[What you will do]:
Give again, word for word, every line in the entries below from the line with "Den ene er messing" up to and including the line with "- 5Maso vyjměte", and no other line.

[Dataset entries]:
------------------------------------------------------------------------

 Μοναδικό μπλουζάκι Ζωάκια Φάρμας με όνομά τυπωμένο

------------------------------------------------------------------------

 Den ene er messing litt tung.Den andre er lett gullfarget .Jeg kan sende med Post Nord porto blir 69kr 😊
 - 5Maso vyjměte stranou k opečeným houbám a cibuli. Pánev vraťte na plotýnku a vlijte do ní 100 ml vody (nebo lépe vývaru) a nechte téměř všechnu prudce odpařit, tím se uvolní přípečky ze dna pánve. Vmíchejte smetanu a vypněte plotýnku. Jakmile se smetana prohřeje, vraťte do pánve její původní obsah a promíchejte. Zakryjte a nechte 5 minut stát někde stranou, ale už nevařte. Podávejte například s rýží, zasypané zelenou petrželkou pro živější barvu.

------------------------------------------------------------------------

[Result]:
 Den ene er messing litt tung.Den andre er lett gullfarget .Jeg kan sende med Post Nord porto blir 69kr 😊
 - 5Maso vyjměte stranou k opečeným houbám a cibuli. Pánev vraťte na plotýnku a vlijte do ní 100 ml vody (nebo lépe vývaru) a nechte téměř všechnu prudce odpařit, tím se uvolní přípečky ze dna pánve. Vmíchejte smetanu a vypněte plotýnku. Jakmile se smetana prohřeje, vraťte do pánve její původní obsah a promíchejte. Zakryjte a nechte 5 minut stát někde stranou, ale už nevařte. Podávejte například s rýží, zasypané zelenou petrželkou pro živější barvu.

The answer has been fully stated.